Leonardo DiCaprio and Brad Pitt party like it's 1969 in first trailer for Quentin Tarantino's 'Once Upon a Time in Hollywood'

Quentin Tarantino leaves the Old West behind for the even wilder west of Old Hollywood in his ninth feature film, Once Upon a Time in Hollywood. And based on the first trailer, moviegoers are going to feel like they’ve stepped into a time portal beaming them directly back to the late 1960s. Besides the period-perfect fashions and hairstyles modeled by the movie’s stars — including Leonardo DiCaprio, Brad Pitt and Margot Robbie — Tarantino famously finagled permission to shut down an entire block of L.A.’s Hollywood Boulevard and return the street to its 1969 glory. And unlike the film’s posters, no Photoshop or airbrushing was presumably used in the creation of those images.

Clocking in at a minute-and-a-half, this sneak peek keeps the film’s plot vague, but does establish the mythic scope promised by its title — a direct nod to the work of master director Sergio Leone, whom Tarantino has been paying homage to throughout his career. DiCaprio plays TV star Rick Dalton, who has forged a close professional and personal alliance with his stunt double, Cliff Booth (Pitt). Both men have big (screen) ambitions in a town that’s rapidly changing, and just so happen to live next door to a rising star, Sharon Tate (Robbie), whose husband, Roman Polanski (Rafał Zawierucha), just established himself on Hollywood’s A-list with the horror hit Rosemary’s Baby.
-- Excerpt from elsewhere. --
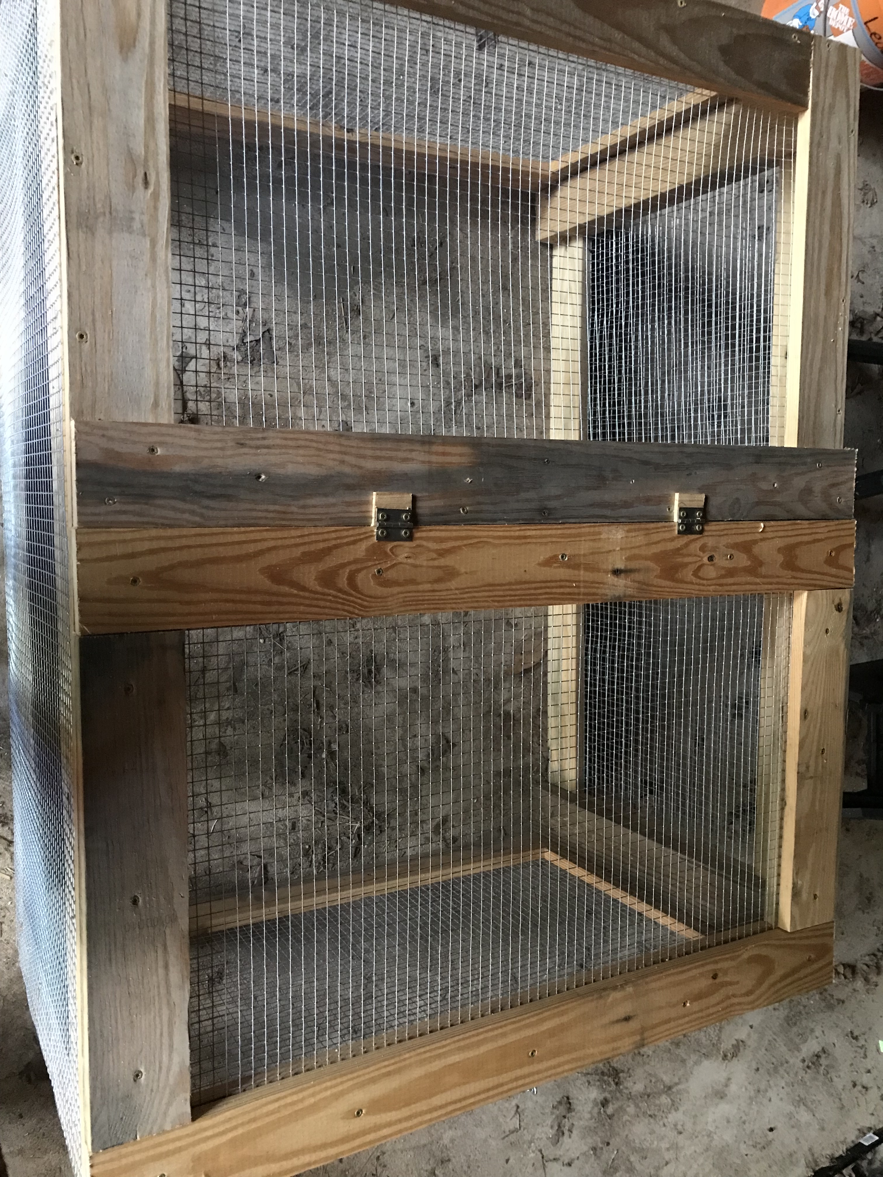 Once the frame was built and the hardware cloth installed, we created a half door on the top of the brooder (thank you Lumnah Acres for inspiration!). By making half of the roof a solid piece attached to the cube, we really added stability as well as not having to piece together the hardware cloth over a huge top frame . Add in some hinges and a hook and eye closure, and I feel comfortable that something is at least going to have to work for a peep meal!

Unbeknownst to everyone, the good times are about to come to a sudden and violent end: Lurking around the edges of the frame is self-styled prophet Charles Manson (Damon Herriman), whose name is synonymous with real — rather than reel — horror.

Besides Tate, Polanski and Manson, DiCaprio and Pitt’s fictional characters mix and mingle with such larger-than-life Hollywood personalities as Steve McQueen (Damian Lewis), Wayne Maunder (Luke Perry, who completed his role prior to his death earlier this month) and Bruce Lee (Mike Moh), who is seen giving Booth a crash course in Far East martial arts. That meeting is also an opportunity for some vintage Tarantino quips: When Lee points out that his hands are registered as “lethal weapons” because he could go to jail if he accidentally struck Booth and killed him. “Anybody accidentally kills anybody in a fight they go to jail — it’s called manslaughter,” Pitt notes wryly.

Twitter appears ready for the return of Tarantino, who has previously promised that he’s going to be hanging up his directorial spurs after his 10th film.

Once Upon a Time in Hollywood cruises into theaters on July 26.